As he dodged the sand dunes creeping onto the road near Monterey, he caught the eye of a passing driver, and realized he was speaking out loud. He shook off a momentary embarrassment, and continued his reverie, as if telling his tale to passersby would make a difference. He raced on in a kind of trance, overtaking cars and trucks, hardly noticing them. The speedometer pushed past ninety-five, and the quickening pace of his heart, revving in his chest, brought him back to his senses. He eased off the gas.

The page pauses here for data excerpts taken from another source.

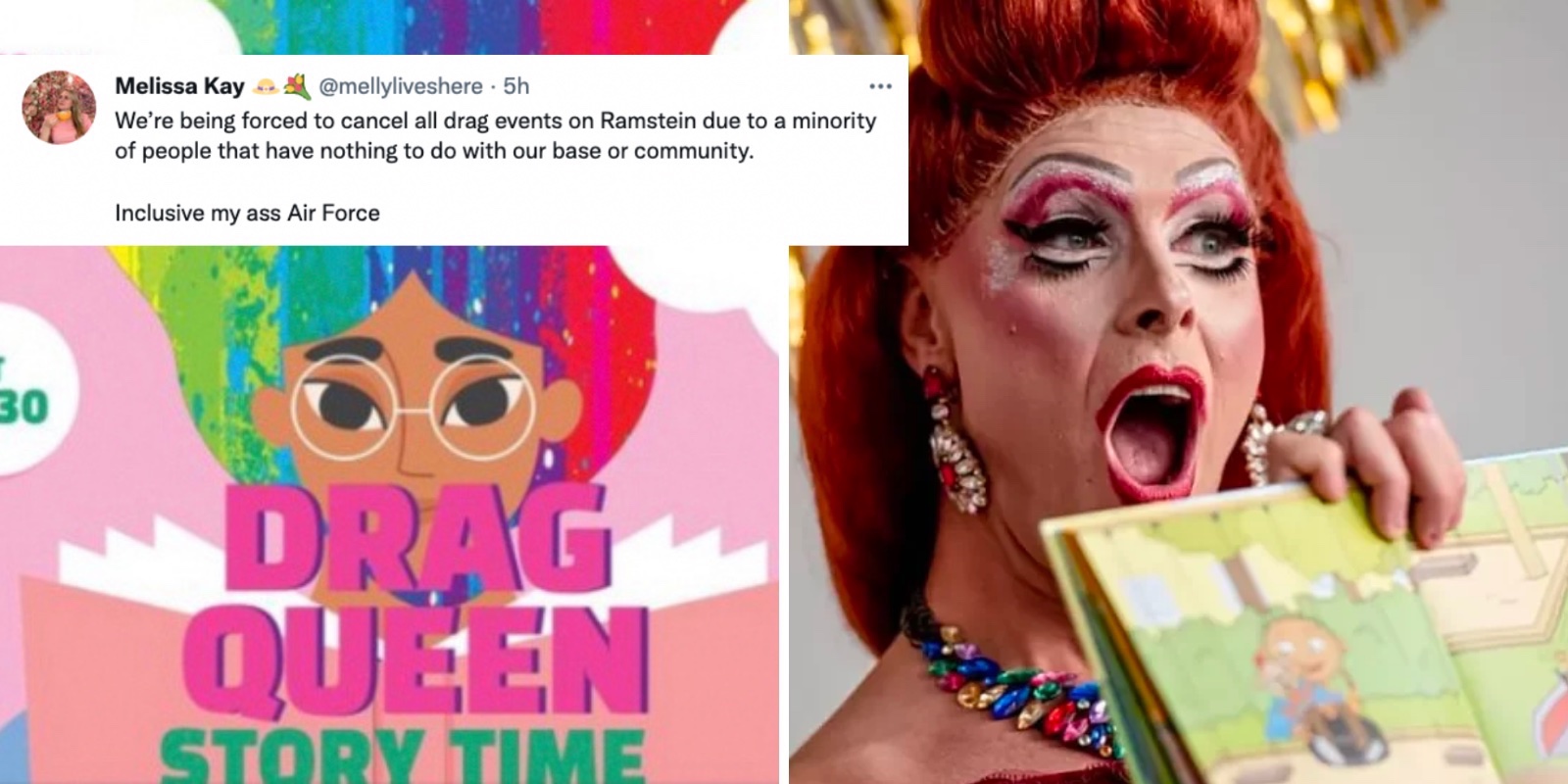 La biblioteca de la base de la Fuerza Aérea de los Estados Unidos de Ramstein en Alemania canceló Drag Story Hour para niños después de informar desde The Post Millennial. La base, en la que están estacionados 54 000 militares estadounidenses, acompañados por más de 5.400 empleados civiles estadounidenses, había celebrado una Hora de la Historia de Arrastrar en 2021 y estaba programada para celebrar una de nuevo.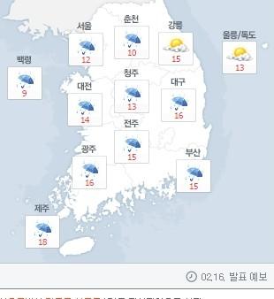 오후에는 서울 12도, 춘천 10도, 대전 14도, 청주 13도, 부산 15도까지 오르고 전국적으로 비가 내린다.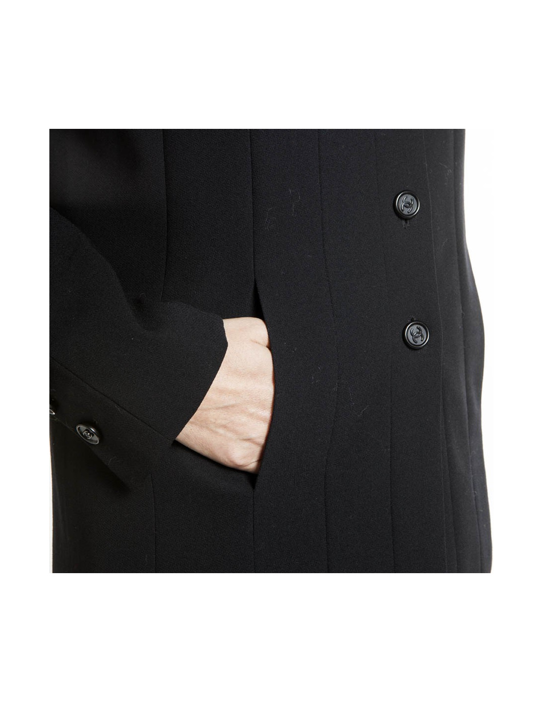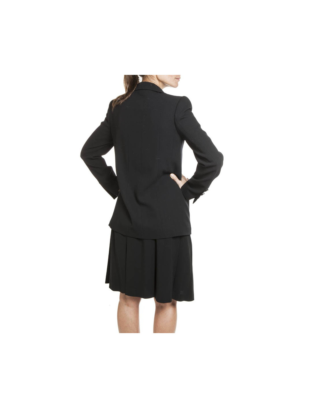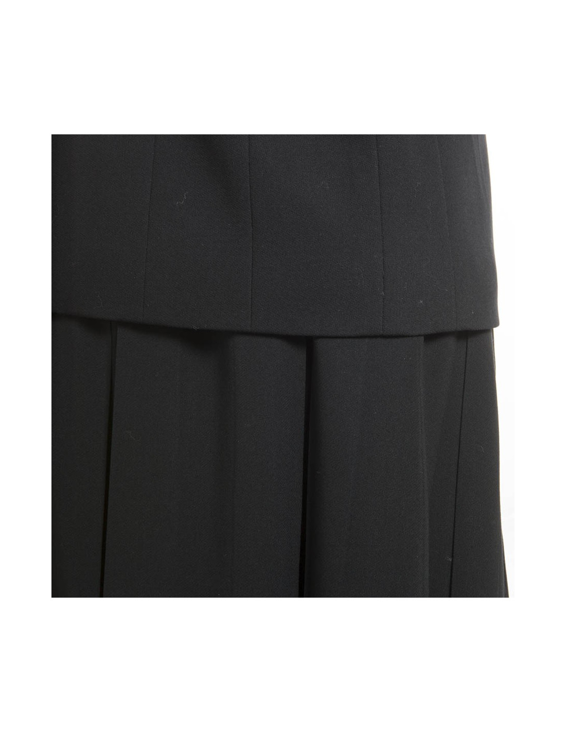 Printemps 1998. Ensemble CHANEL en laine noire composé d'une veste à la coupe parfaite avec 2 poches sur les côtés; elle se ferme à l'aide de 5 boutons noirs siglés CC et une ravissante jupe plissée fermée sur le côté par 3 boutons et une fermeture éclair. La doublure est en soie noire. Cet ensemble est en parfait état.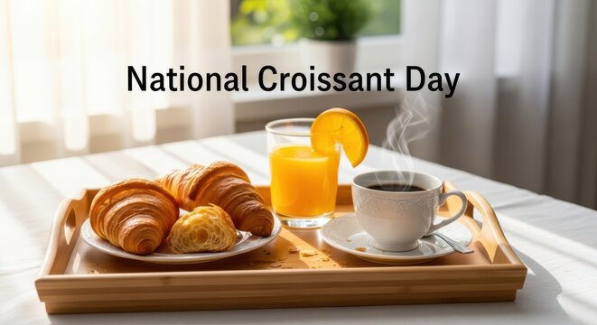 National croissant day celebration with fresh croissants, orange juice, and coffee on a wooden tray

Having to deal with his feelings in a mature, responsible way was, he thought, perhaps the most valuable lesson of his life. Yet, ironically, for the past year since his divorce, he had thrown himself headlong into his work at NASA. But something had shifted, he now realized. As he drove through Carmel, the sun was dipping behind the horizon, casting an ochre tint on the hills. He was beginning to see the difference between obsession and passion. He no longer felt totally driven by his work; devoted, yes, but starting to open up to something more. With the last outskirts of the Carmel Highlands behind him, and nothing but the curves of the open road ahead, he drove into the descending twilight. The looming hills of Big Sur beckoned. The pulse of city life and the pressure of the university had fallen away. He felt his shoulders relax and his chest expand as he filled his lungs with the evening air. He realized he was looking forward to meeting Maya, and learning more about her work with the dolphin Darwin.